— Началась война, — продолжал Миша, плечи его еще больше ссутулились. — В 1942 — истребление евреев. Под полом в подвале наши люди нашли папки с бумагами, из которых следовало, что многие пациенты Бунта были евреями. Кроме того — и это подтверждает мою веру в человечность, веру, которая время от времени подвергается жестоким испытаниям, — судя по записям, понятно, что и после начала войны, и после начала погромов доктор продолжал лечить евреев. Это удивительно. Он был действительно верен клятве Гиппократа.

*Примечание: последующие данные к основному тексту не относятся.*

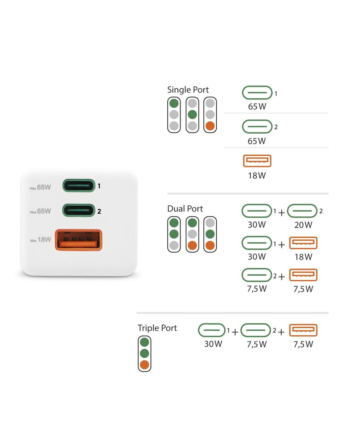 Перфектен за смартфони с висока мощност на зареждане: зареждайте устройства с висока скорост, до 60% за 30 минути, идеален за устройства от най-новите поколения, тъй като те често вече не се доставят със зарядни устройства, включени при покупка
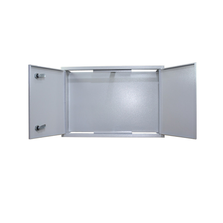 جعبه تقسیم 40x60 فلزی توکار یا باکس تقسیم برق محصولی از گروه تابلوهای برق محسوب میشود. این کالا با استفاده از ورقهای مرغوب آهنی ساخته شده و در انتها با رنگ کورهای الکترواستاتیک پوشیده شده است. این رنگ علاوه بر زیبا کردن این جعبه تقسیم دوام و پایداری آن را نیز بالا برده و از آن در برابر پوسیدگی و زنگ زدگی محافظت میکند. از این محصول اغلب برای گرفتن اتصالات و انشعابات برقی در محل استفاده میشود. جعبه تقسیم معمولا در ساختمانها، کارگاهها، پاساژها و … در محلی که لولههای برق و سیمکشیها به یکدیگر رسیدهاند قرار میگیرد. از این رو لولههای برق و سیمها از طریق فضای باز موجود در بالا و پایین جعبه تقسیم برق وارد این باکس فلزی میشوند. این امر علاوه بر جلوگیری از ظاهر زشت سیمهای زیاد و داخل هم پیچیده، هم جلوه زیبایی به محل میدهد و هم میتوان با استفاده از ترمینالهایی که داخل جعبه تقسیم 40x60 فلزی تعبیه میگردد انشعابات و اتصالات برقی را بصورت اصولی اجرا کرد. همچنین این باکس فلزی از آسیب دیدن و خطرهای احتمالی قطعات و تجهیزات بکار رفته در محل اتصالات جلوگیری میکند. سینی قسمت داخلی این باکس فلزی تقسیم یعنی جایی که ترمینالها و یا تجهیزات برقی دیگر نصب میشود، بگونهایست که از پشت محصول دارای تو رفتگی است. این تو رفتگی باعث میشود که با پیچ کردن و اتصال تجهیزات برقی داخل جعبه تقسیم، پیچها از پشت به محل نصب گیر نکند و مزاحم نصب محصول نشود. نمای جلویی جعبه تقسیم 40x60 توکار دارای 2 سانتیمتر لبه از طرفین و بالا پایین است که این امر نیز برای جلوگیری از فرورفتن محصول داخل دیوار و زیبایی کار است. لولای بکار رفته برای درب محصول از نوع نواری میباشد که قابلیت باز شدن 180 درجه درب را فراهم میسازد. عمق داخلی این جعبه تقسیم فلزی 11 سانتیمتر میباشد که امکان نصب انواع تجهیزات برقی داخل آن را بوجود میآورد.

Доктор продолжал заботиться о своих пациентах евреях до того самого дня, когда эсэсовцы забрали в концлагерь Маутхаузен его и всю его семью.

У Сола холодок пробежал по спине.

— Но доктор Бунт не только оказывал евреям медицинскую помощь, — продолжал Миша. — Он прятал самых слабых больных, чье состояние означало, автоматически, смертный приговор и исключало принудительные работы. Бунт, — Миша поднял глаза к потолку, — незнакомые тебе люди любят тебя.

— Прятал? — прошептала Эрика.

— В подвале. Дом был построен так, что Бунт мог спуститься по лестнице из спальни в клинику на первом этаже. Ему не надо было проходить мимо ожидавших его пациентов. Он просто приглашал их в кабинет. Но раз уж в его распоряжении была лестница из спальни в кабинет, почему бы не продолжить ее до самого подвала? Тогда ему не надо было бы проходить мимо пациентов, чтобы достать какие-либо записи или медикаменты. Просто и эффективно.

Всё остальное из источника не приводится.